Perhaps we don't have to keep sentences short but I usually keep to short clauses, peppering my sentences with commas (and sometimes semi-colons) wherever possible, which is different from what I do with my English sentences where I drop puncutations when it doesn't lead to ambiguities.

And I just realised that the above paragraph was written in a single English sentence... Ahem... The above paragraph would have been 3 sentences if I had written it in Mandarin. I concur with the China Daily columnist; it is common for English to have long sentences, but not for Mandarin.


----------



## AVim

Grammar Fan said:


> fei chang xie xie ni for your reply. I had read a China Daily columnist who was upset that younger Chinese were using such long sentences with many conjunctions.  He said that they were copying English grammar.  It's most interesting to learn that you disagree with his viewpoint.  I now have more food for thought whenever I try to write a Chinese sentence.



Well, I just find that I misunderstood you. I guess that the columnist probably meant the long-sentence craze among the younger people, for example, something like 


> 整天看书看日剧看电视看电脑并不幸中了推理小说的毒满脑子都是凶杀案以至于一点玩的欲望也没有变成了一个彻头彻尾的宅女。

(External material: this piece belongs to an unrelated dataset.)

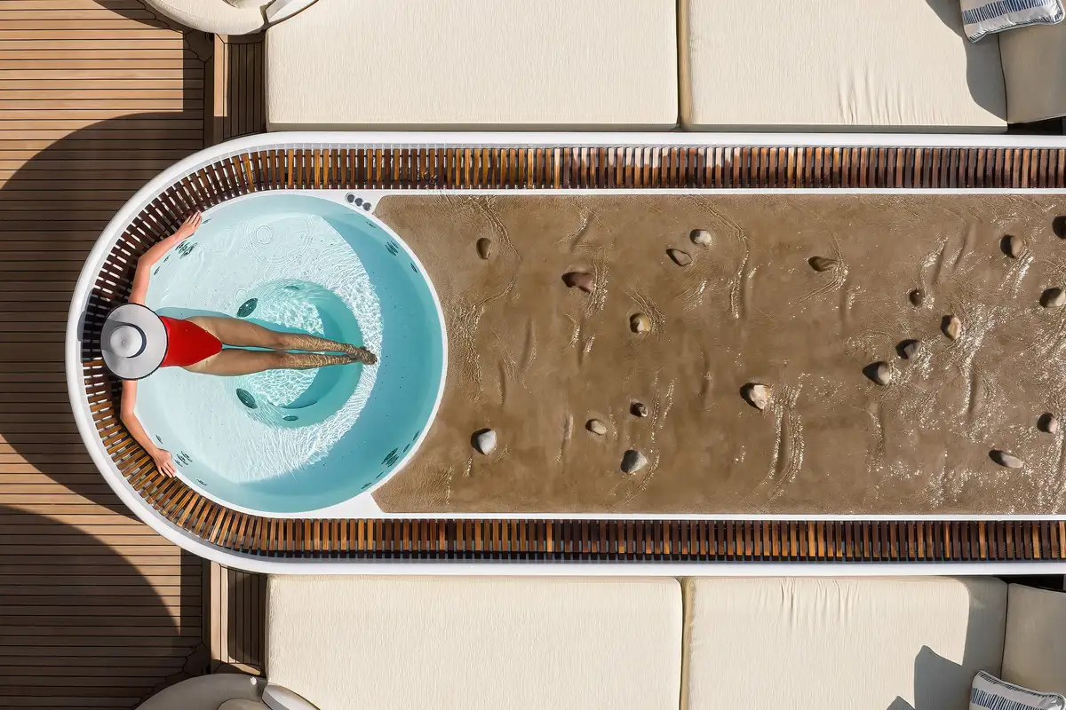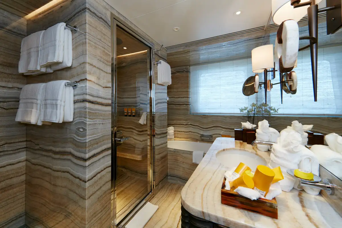Lunch is served at the Teppanyaki bar on the sun deck, after which it’s time to try SYMPHONY’s numerous watertoys. Spend the afternoon discovering the coastline aboard her jetsurfs and jetskis or messing about with her numerous towable toys. SYMPHONY’s 30-strong crew will be on hand to help you master the skills required.

I agree that it's not good to write things in this way, but the younger people, you know, sometimes like to play with the words, to show off their ideas and personalities...


----------



## Grammar Fan

AVim said:


> Well, I just find that I misunderstood you. I guess that the columnist probably meant the long-sentence craze among the younger people, for example, something like
> 
> 
> I agree that it's not good to write things in this way, but the younger people, you know, sometimes like to play with the words, to show off their ideas and personalities...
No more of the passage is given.